━━━ TASK DATA
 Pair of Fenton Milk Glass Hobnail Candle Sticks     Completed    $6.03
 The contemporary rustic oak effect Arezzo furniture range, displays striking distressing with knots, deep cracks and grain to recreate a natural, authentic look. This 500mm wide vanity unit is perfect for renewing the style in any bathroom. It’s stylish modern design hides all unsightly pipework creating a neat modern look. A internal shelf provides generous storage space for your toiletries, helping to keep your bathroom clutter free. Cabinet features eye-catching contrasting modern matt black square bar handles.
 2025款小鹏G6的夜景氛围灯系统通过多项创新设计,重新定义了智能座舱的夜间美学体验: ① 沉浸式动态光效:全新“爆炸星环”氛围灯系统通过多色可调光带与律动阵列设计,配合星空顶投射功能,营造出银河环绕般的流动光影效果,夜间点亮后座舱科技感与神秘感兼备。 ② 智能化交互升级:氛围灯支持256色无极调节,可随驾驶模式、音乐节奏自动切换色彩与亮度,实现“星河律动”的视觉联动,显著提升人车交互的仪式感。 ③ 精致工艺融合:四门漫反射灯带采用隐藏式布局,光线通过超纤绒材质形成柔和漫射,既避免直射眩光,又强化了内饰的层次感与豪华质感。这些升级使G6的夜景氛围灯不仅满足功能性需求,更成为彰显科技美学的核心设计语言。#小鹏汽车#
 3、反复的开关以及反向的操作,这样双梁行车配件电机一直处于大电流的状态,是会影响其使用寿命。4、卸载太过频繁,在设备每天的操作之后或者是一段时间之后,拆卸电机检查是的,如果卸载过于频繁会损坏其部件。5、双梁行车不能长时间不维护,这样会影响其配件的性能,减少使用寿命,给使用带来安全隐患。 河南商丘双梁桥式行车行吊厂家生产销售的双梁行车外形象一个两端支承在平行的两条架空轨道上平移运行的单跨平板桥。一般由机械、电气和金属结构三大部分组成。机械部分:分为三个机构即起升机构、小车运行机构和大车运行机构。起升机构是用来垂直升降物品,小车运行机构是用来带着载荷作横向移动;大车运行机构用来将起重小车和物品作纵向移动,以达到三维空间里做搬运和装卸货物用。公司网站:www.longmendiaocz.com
━━━━━━
━━━ TASK DATA
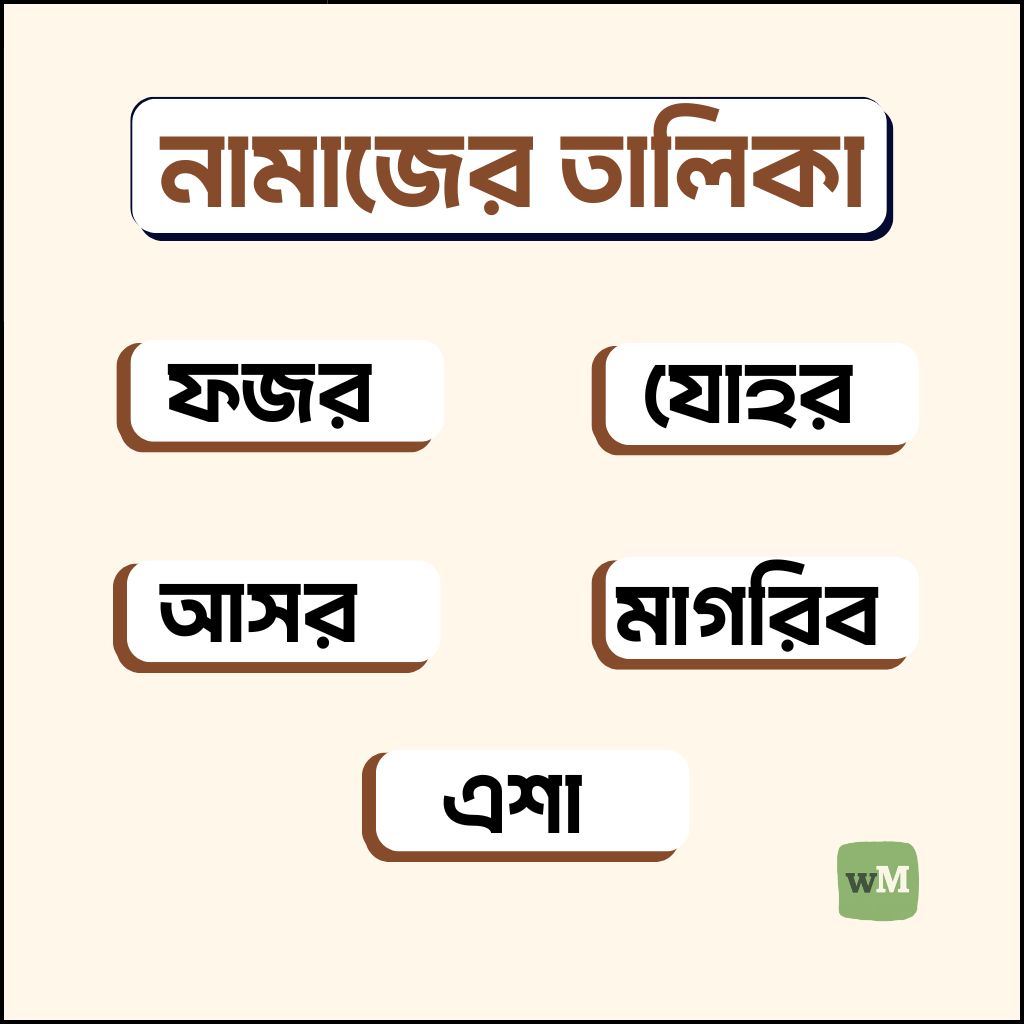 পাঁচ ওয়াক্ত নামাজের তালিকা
━━━━━━
TASK STATEMENT
Output exactly one stretch of the listing: from the line containing "Pair of Fenton" through the line containing "The contemporary rustic", both end lines included.

SOLUTION
 Pair of Fenton Milk Glass Hobnail Candle Sticks     Completed    $6.03
 The contemporary rustic oak effect Arezzo furniture range, displays striking distressing with knots, deep cracks and grain to recreate a natural, authentic look. This 500mm wide vanity unit is perfect for renewing the style in any bathroom. It’s stylish modern design hides all unsightly pipework creating a neat modern look. A internal shelf provides generous storage space for your toiletries, helping to keep your bathroom clutter free. Cabinet features eye-catching contrasting modern matt black square bar handles.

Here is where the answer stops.